Vous nous parlez, Africa, du monde qui sépare parfois la théorie de la pratique.

"Mais que fait donc le parlement européen ? Il était derrière Jan Palach, cet étudiant tchécoslovaque qui s'est immolé par le feu à Prague en janvier 69 et il est absent pour porter le désespoir de Mohamed Bouazizi, devenu le symbole de la révolution tunisienne."

Ce sont les mots du député européen Daniel Cohn-Bendit qui s'est scandalisé cette semaine à Strasbourg du manque de courage du parlement européen, un parlement qui n'a pas soutenu les Verts quand ils demandaient de réaffecter les fonds européens destinés à la Tunisie pour soutenir le pays dans l'organisation de vraies élections démocratiques.

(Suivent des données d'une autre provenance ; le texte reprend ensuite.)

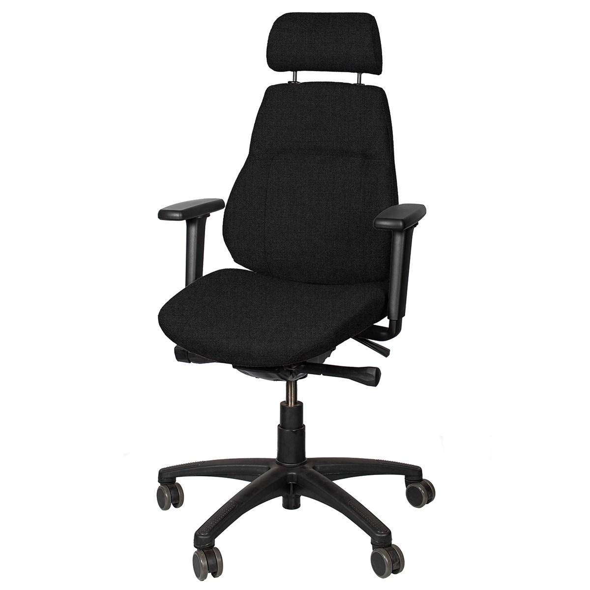 Justerbar sittdyna, höjning och vinkling av ryggen ger stora inställningsmöjligheter för användaren. Levereras med armstöd som är justerbara i höjd- och sidled. Nackstödet är justerbart i höjdled samt vinklingsbart. Utrustad med hjul för hårda golv. Levereras med ett slitstarkt, svart ulltyg (Gaja) som standard. Kan även fås i en kombination av ull/polyester. 5 års garanti.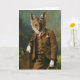Esta tarjeta se ilustra con el retrato de un joven zorro victoriano en un traje y sosteniendo su gorra.

L'ambivalence européenne à l'égard de la Tunisie et l'attitude de certains états avaient déjà été critiquées plus tôt, mais il y a décidément des mots que l'on ne veut pas entendre. La dictature de Ben Ali a pourtant duré 23 ans. Mais tout le monde semble la découvrir ou la redécouvrir aujourd'hui. Et ce ne sont pas les propos tenus la semaine passée par la ministre française Michèle Alliot Marie devant l'assemblée nationale qui seront de nature à nous rassurer, elle qui proposait d'envoyer les policiers français pour apporter leur expertise à leurs confrères tunisiens.

A Strasbourg même, dans l'hémicylce où, ironie, s'est déroulée en décembre la cérémonie de remise du prix Sakharov pour la liberté d'expression au dissident cubain Guillermo Farinas, les propos de Daniel Cohn Bendit ont fait écho. Vu d'Europe en effet, est-il plus facile de soutenir les droits de l'homme au pays de Castro qu'au pays de Ben Ali ? La politique de voisinage européenne, la peur de l'islamisme et du terrorisme sont-elles à ce prix ?

La politique étrangère de l'Union européenne permet à tout le moins de s'interroger. L'Europe propose aujourd'hui d'aider la Tunisie à organiser des élections libres mais elle a toléré jusque là un régime dictatorial. La Tunisie est même le premier pays du sud de la Méditerranée avec lequel l'Union a signé un accord d'association en 95. Bien sûr, l'Union intégrait des exigences de respect des droits de l'homme et d'Etat de droit mais dans les faits, qu'est-ce qui entravait le régime du président Ben Ali ?

La conclusion qui s'impose aujourd'hui c'est que les Tunisiens n'ont pu compter que sur leur seule détermination pour faire leur révolution. Une centaine d'entre eux y ont laissé la vie.